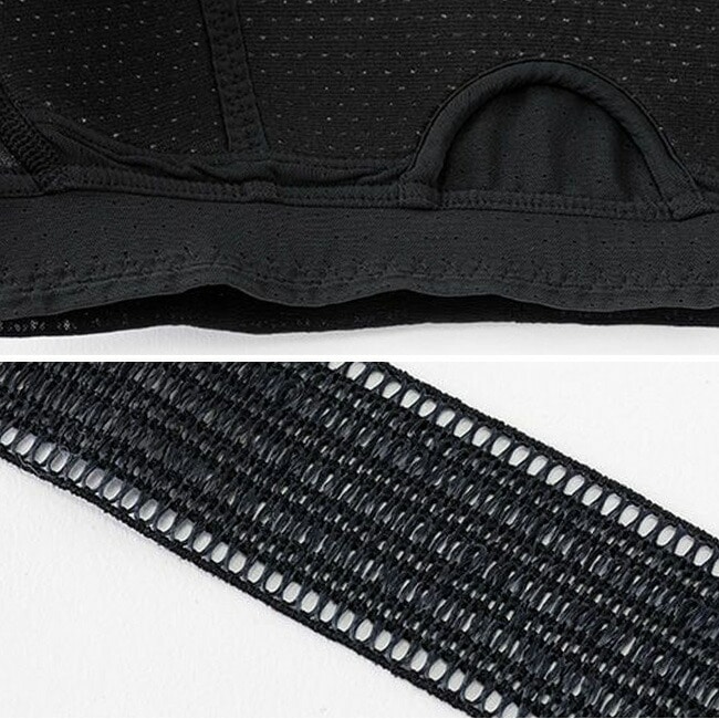 独自開発の三層構造ブラパッドは、優れた汗抜けとカップ自体が保水しないため、汗をかいてもひんやりとした冷えを感じにくく、汗だまりをしやすいアンダー部分には、汗抜けのいい柔らかなメッシュゴムを採用し、汗のニオイやベタツキを抑えます。
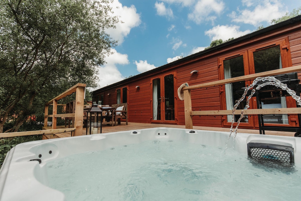 Tá ár gcábán Logála suite i gcroílár Raon Clwydian, ag breathnú amach ar Moel Famau. Agus é suite i d'aonar, tá an cábán eisiach seo os cionn na habhann, le radhairc sléibhe. Suigh siar agus bain sult as do thráthnónta sa tobán te ar an deic phríobháideach, déan iniúchadh ar fhlúirse na gcosán, bain sult as deoch nó béile den scoth san iliomad tithe tábhairne agus bialanna áitiúla. Just a scíth a ligean agus do scíth a ligean agus taitneamh a bhaint as an tuath welsh.
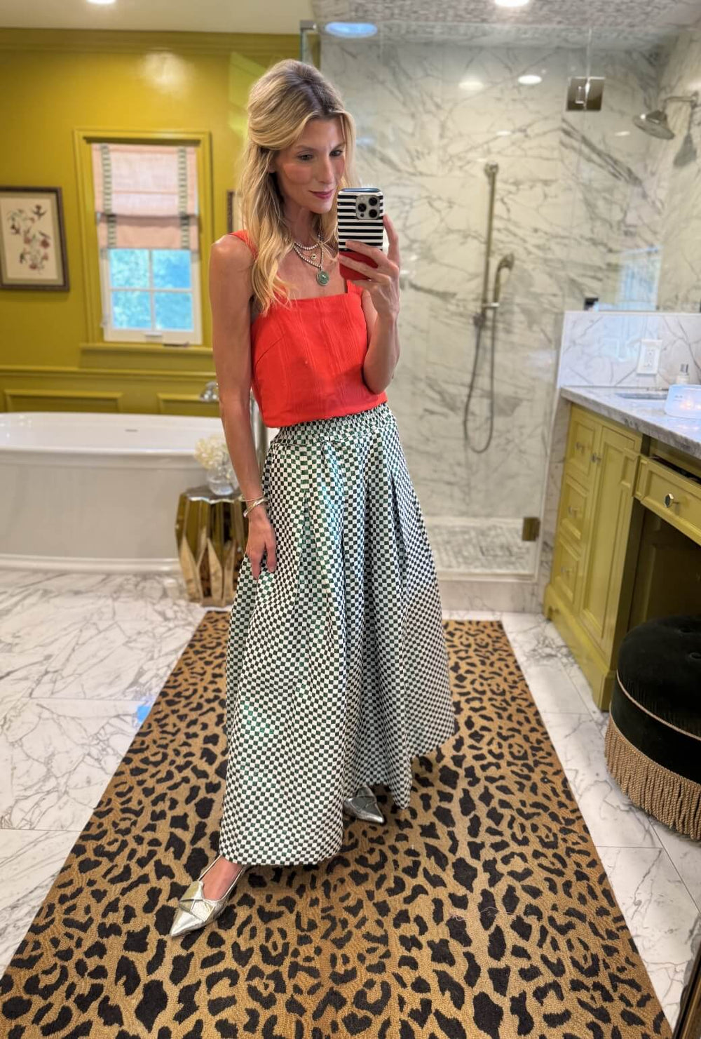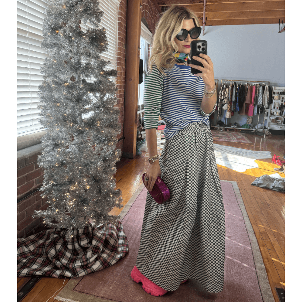 A skirt that can go from errands to elegant is really all your wardrobe needs, right? Made with an elastic waist, in a machine washable fabric, and WITH pockets—this shimmery checkerboard beauty is a wardrobe must have. She has a retro vibe when paired with her matching Pillar Top, but you can easily change her up with a sleek turtleneck or crisp white button down.
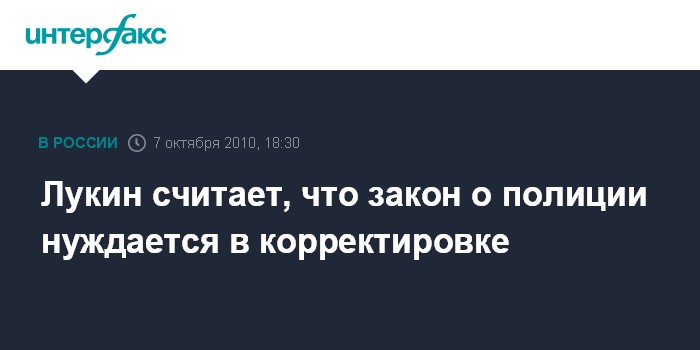 Москва. 7 октября. INTERFAX.RU - Уполномоченный по правам человека в РФ Владимир Лукин рассчитывает на политические решения по изменению положений законопроекта "О полиции", которые вызвали общественную критику.
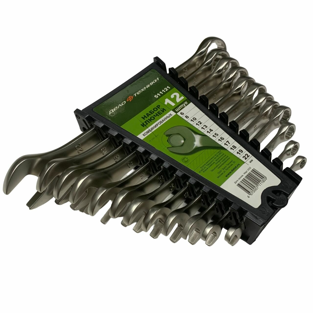 Набор ключей комбинированных - 12 шт. (6 8 10 12 13 14 15 16 17 18 19 22 (евро) пластик. холдер/10/5 дело техники Арт. 511121
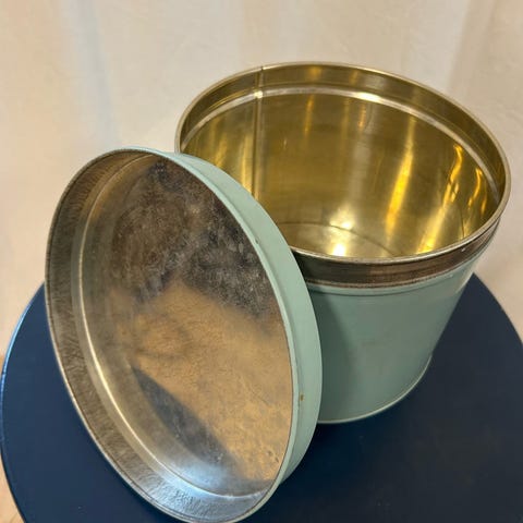 Gamle metal dåser og glas i smukke gule sommer farver.
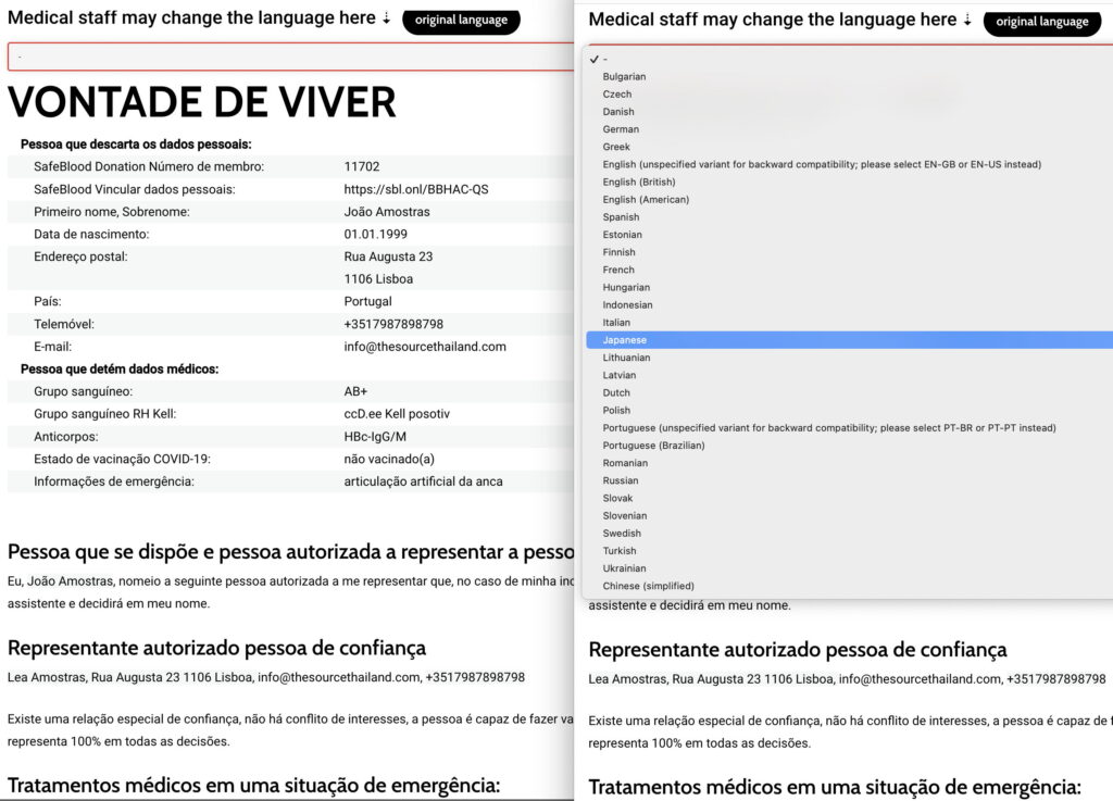 Uma vantagem importante aqui é que o pessoal médico assistente pode traduzir esta informação de emergência diretamente no website para todas as línguas comuns do mundo numa questão de segundos (imagem à direita). Isto assegura-lhe que será tratado adequadamente em todo o mundo.

|---|

- [ASSIGNMENT] Reproduce the records word for word, please, from their first line up to and including the line that contains "Tá ár gcábán", but no pictures.

- [WRITTEN ANSWER]
 独自開発の三層構造ブラパッドは、優れた汗抜けとカップ自体が保水しないため、汗をかいてもひんやりとした冷えを感じにくく、汗だまりをしやすいアンダー部分には、汗抜けのいい柔らかなメッシュゴムを採用し、汗のニオイやベタツキを抑えます。
 Tá ár gcábán Logála suite i gcroílár Raon Clwydian, ag breathnú amach ar Moel Famau. Agus é suite i d'aonar, tá an cábán eisiach seo os cionn na habhann, le radhairc sléibhe. Suigh siar agus bain sult as do thráthnónta sa tobán te ar an deic phríobháideach, déan iniúchadh ar fhlúirse na gcosán, bain sult as deoch nó béile den scoth san iliomad tithe tábhairne agus bialanna áitiúla. Just a scíth a ligean agus do scíth a ligean agus taitneamh a bhaint as an tuath welsh.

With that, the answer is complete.